224: ¿Dónde está Ah’Yuan?
—Boom.
Inmediatamente después, un feroz rayo cayó, reduciendo al Sacerdote de Cejas Blancas a cenizas, sin dejar restos.
Mu’er se sintió triste, cerrando silenciosamente sus puños.
Tal como había dicho el Sacerdote de Cejas Blancas, el Heredero Real Qi recuperó pronto la conciencia.
Aún estaba aturdido, considerando que había sido apuñalado en el pecho y envenenado; ¿cómo podía estar aún con vida?
Mu’er estaba emocionada y excitada, flotando hacia él—.
¡Su Alteza, ha despertado!
Los movimientos del Heredero Real Qi no estaban impedidos; sus heridas habían sanado notablemente bien, casi completamente cerradas.
Se sentó y los asistentes rápidamente prepararon un cojín para que se apoyara cómodamente—.
¿Cuántos días he estado inconsciente?
¿Y cómo sanaron mis heridas tan rápido?
—preguntó el Heredero Real Qi.
—Su Alteza, solo estuvo inconsciente un día —respondió suavemente un asistente—.
El Sacerdote de Cejas Blancas usó una formación prohibida de extensión de vida, sacrificando las vidas de doce personas para asegurar su seguridad.
El Heredero Real Qi no lamentó el sacrificio de esas doce vidas; para él, su disposición a morir por él era el mayor honor.
Sin embargo, estaba inmensamente agradecido al Sacerdote de Cejas Blancas por usar la formación prohibida para salvar su vida.
—¿Dónde está el Sacerdote?
Debo agradecerle personalmente —dijo el Heredero Real Qi, notando la hesitación en la expresión del asistente.
El asistente dudó, luego miró a Mu’er.
Sintiendo que algo andaba mal, el rostro del Heredero Real Qi se oscureció al preguntar—.
¿Qué ha pasado?
—El Sacerdote usó una formación prohibida para extender forzosamente la vida de Su Alteza, pero incurrió en castigo celestial y…

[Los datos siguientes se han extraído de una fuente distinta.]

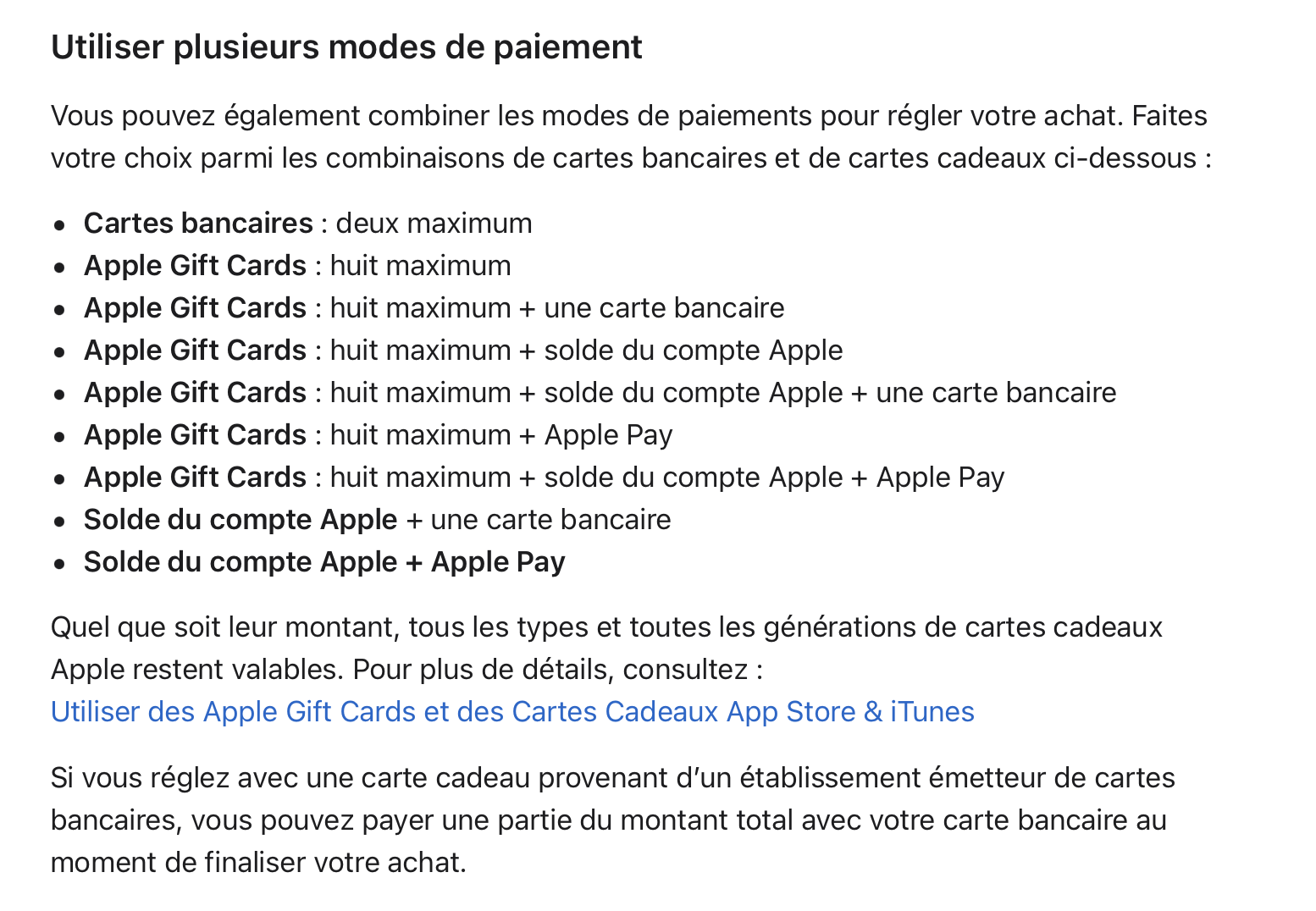 Sache que le système de carte-cadeau vient de changer (il y a encore quelques semaines les cartes permettant d'acheter des produits et celles pour la musique, les films... étaient différentes) il est possible qu'il y ait eut aussi du changement quant à leur utilisation.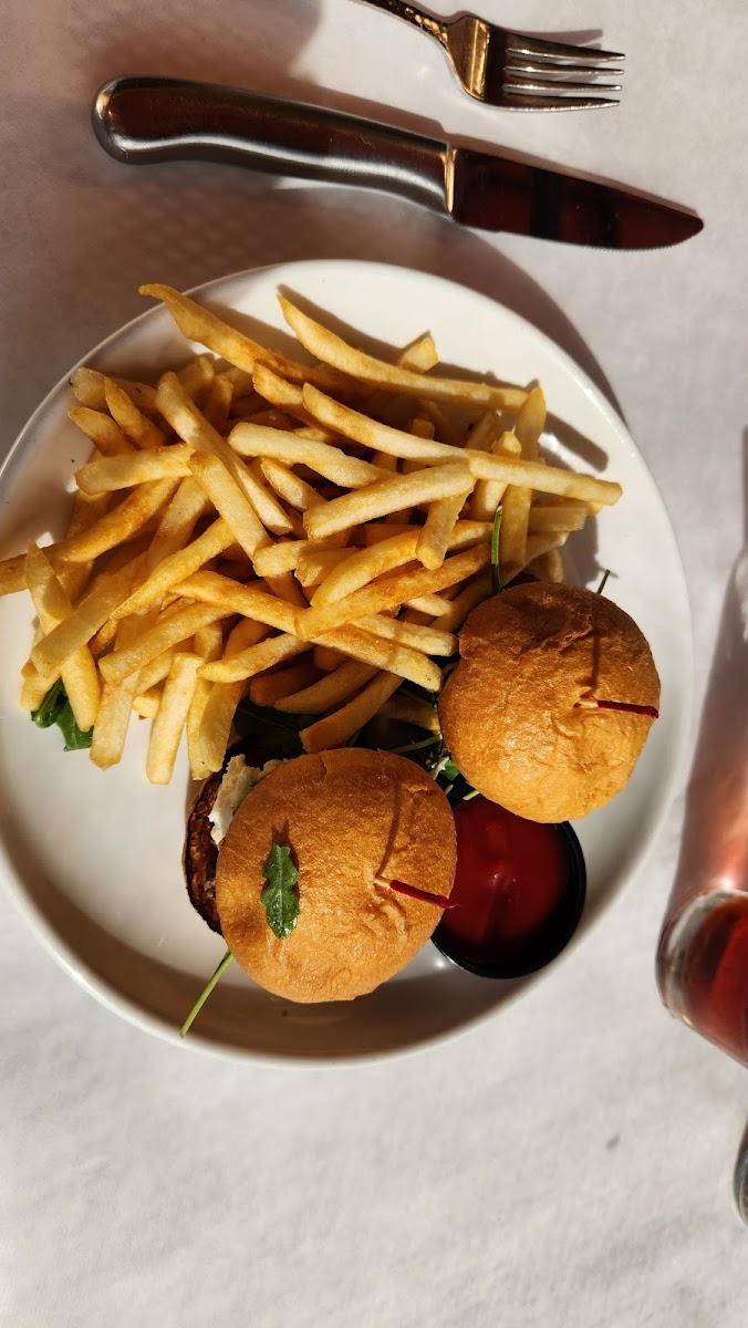 First time having dinner here, Very nice atmosphere although the time of the evening 6pm, sitting indoors, the sun is in your face at some tables, so sit with your back to the windows, although you can still get the reflection in your eyes from the pictures on the wall. It was a bit annoying. Our meals were very good, we only had 1 issue with the filet being undercooked and having it sent back, but it was still undercooked when brought back? They should be able to cook a filet Medium the first time! The Seafood Risotto was excellent. The waitress may have been busy, after food arrived she didn't come to check or get another round of drinks until we flagged her down to refire the filet. She was very nice and friendly. Overall it was a good meal, We will go again.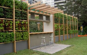 Finally, let's marry a couple of buzz-concepts - urban agriculture and vertical greening. A different scale than some of the featured rooftop ag gardens, this project preceded a multi-part post on My Urban Garden Deco Guide and the companion site 'My Urban Farm' as blogger Anne Robert bemoans the lack of aesthetics in the new wave of planters focussed around Grow Your Own veggies as new urban trend. One exception is a previous post on 'Salad Bar' which provides a new vision for facade-grown veggies in a more refined container.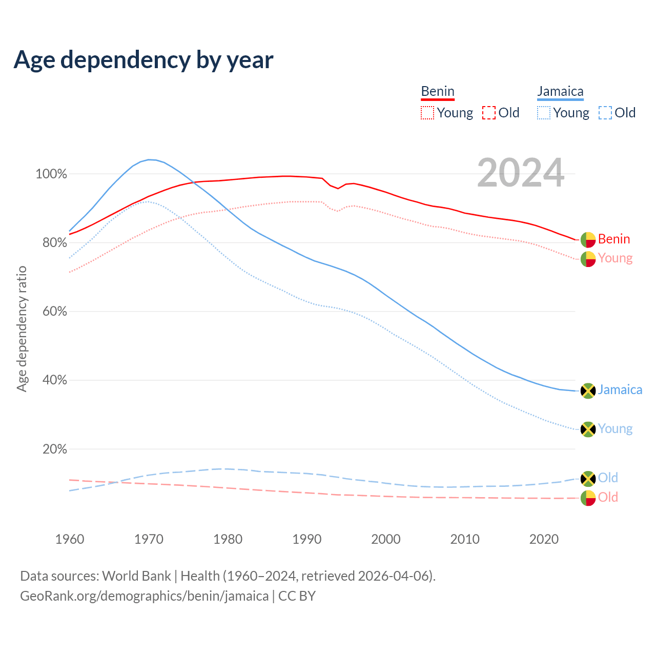 - The share of old-age demographic (65+) in Benin is 3.12% vs 8.21% in Jamaica.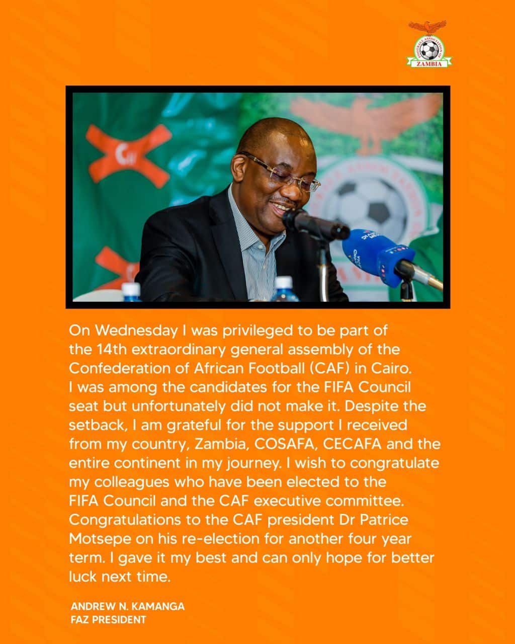 Andrew Ndanga Kamanga, Football Association of Zambia (FAZ) President, has demonstrated positivity and gratitude in defeat as he lost his spot on the FIFA Council.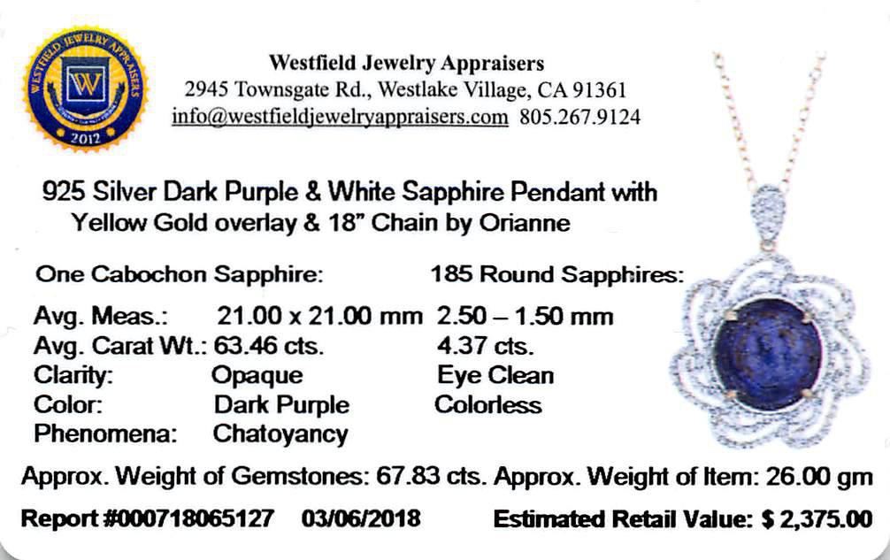 Electronically tested 925 silver ladies cast & assembled sapphire pendant and chain with gold overlay. 18" length. Trademark is Orianne. Identified with markings of "925". Condition is new, good workmanship. Containing: One prong set round cabochon cut n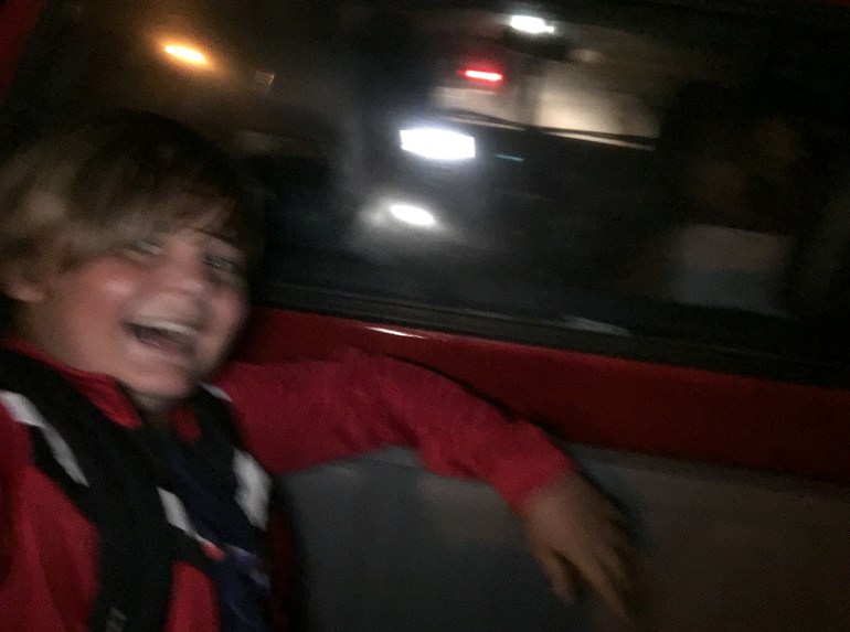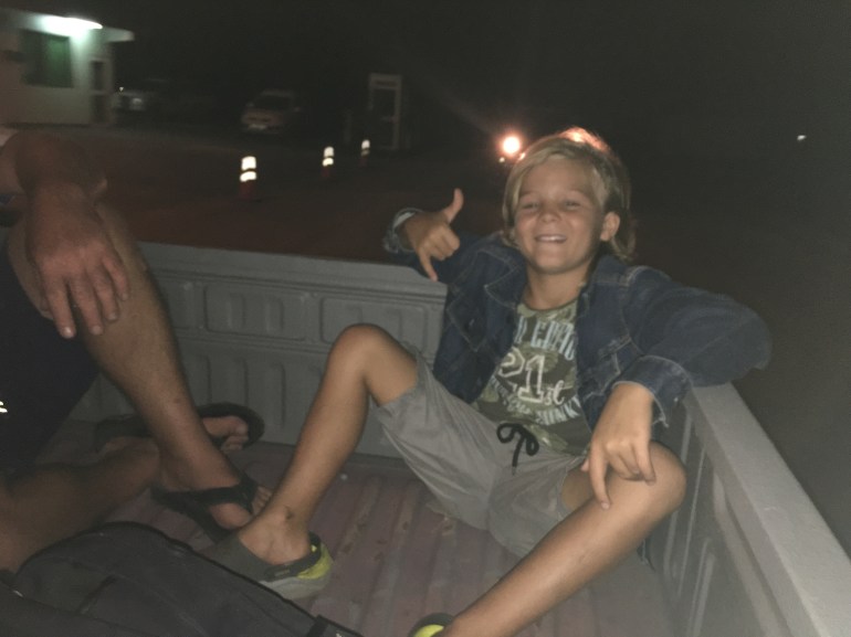 And luckily we got a lift back on back of a truck, to the kids great delight. Sitting in the back….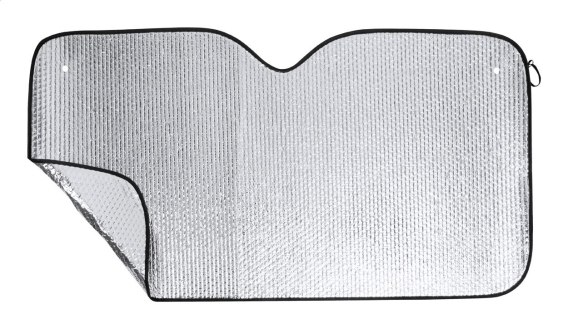 Aluminiowa osłona przeciwsłoneczna do szyb samochodowych, z elastycznymi taśmami do składania. MOQ: wielokrotność 100 szt.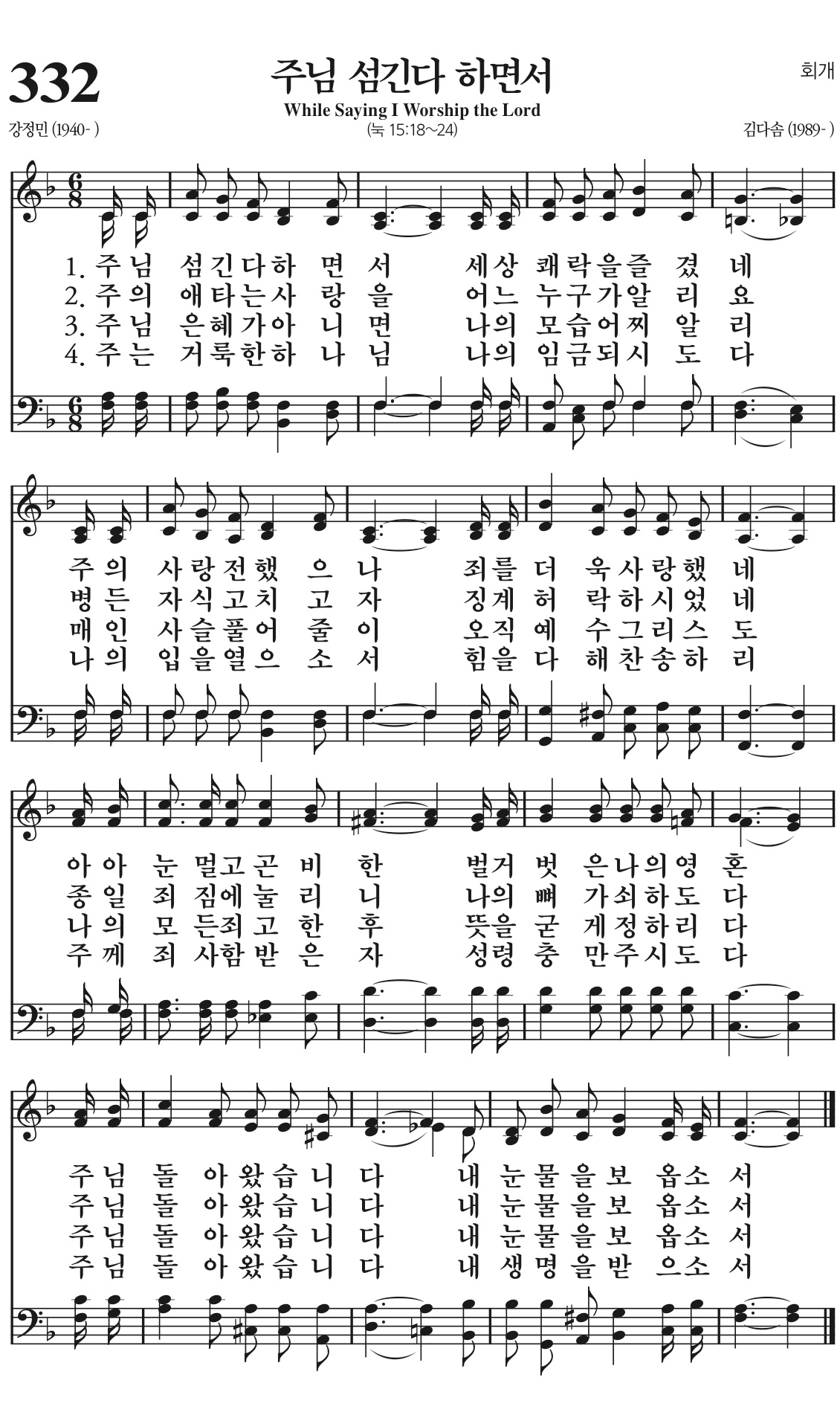 나의 모든 죄 고한 후 뜻을 굳게 정하리다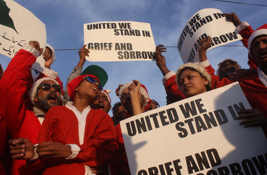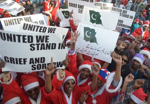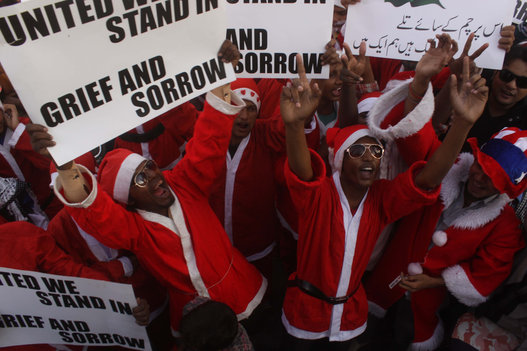 Just five days after the massacre, Pakistani Christians were not going to let the Taliban have the last word. Dressed in Santa Claus outfits and holding signs that read “United we stand in grief and sorrow,” dozens gathered in Karachi, Pakistan to protest the attack.

ya no está con nosotros —contestó Mu’er suavemente.
El corazón del Heredero Real Qi tembló, y la herida que acababa de aliviarse parecía doler de nuevo.
Escupió un puñado de sangre, incapaz de contener la agitación interior.
Mu’er se alarmó y aconsejó rápidamente—.
Su Alteza, acaba de despertar; por favor, no se altere demasiado.
—Sí, Su Alteza, de lo contrario, los esfuerzos del Sacerdote habrán sido en vano —agregó otro asistente.
El Heredero Real Qi se calmó gradualmente al entender la situación.
Las venas de su frente se hincharon, su voz se volvió severa mientras decía—.
Las tácticas de Ye Siheng son, de hecho, implacables.
Debo admitir mi admiración por él.
Mu’er ofreció—.
Su Alteza, solo dé la orden y yo iré a la Nación Mu inmediatamente y tomaré la vida de Ye Siheng.
—Incluso si vas ahora, con él casado con Chu Nanli, ¿puedes siquiera tocar a Ye Siheng?
—Las emociones del Heredero Real Qi se estabilizaron gradualmente y su complexión se suavizó.
Como Mu’er había tenido enfrentamientos con Chu Nanli antes, no se atrevía a hacer grandes promesas.
El Heredero Real Qi limpió la sangre de la comisura de su boca y resopló suavemente—.
No hay necesidad de apresurarse.
Cuando mi cultivo alcance su punto máximo, incluso si hay diez Chu Nanlis, no podrán detenerme.
—¡Entendido!
—aseguró el asistente—.
Su Alteza puede estar tranquilo; no permitiremos que asuntos externos lo molesten de nuevo.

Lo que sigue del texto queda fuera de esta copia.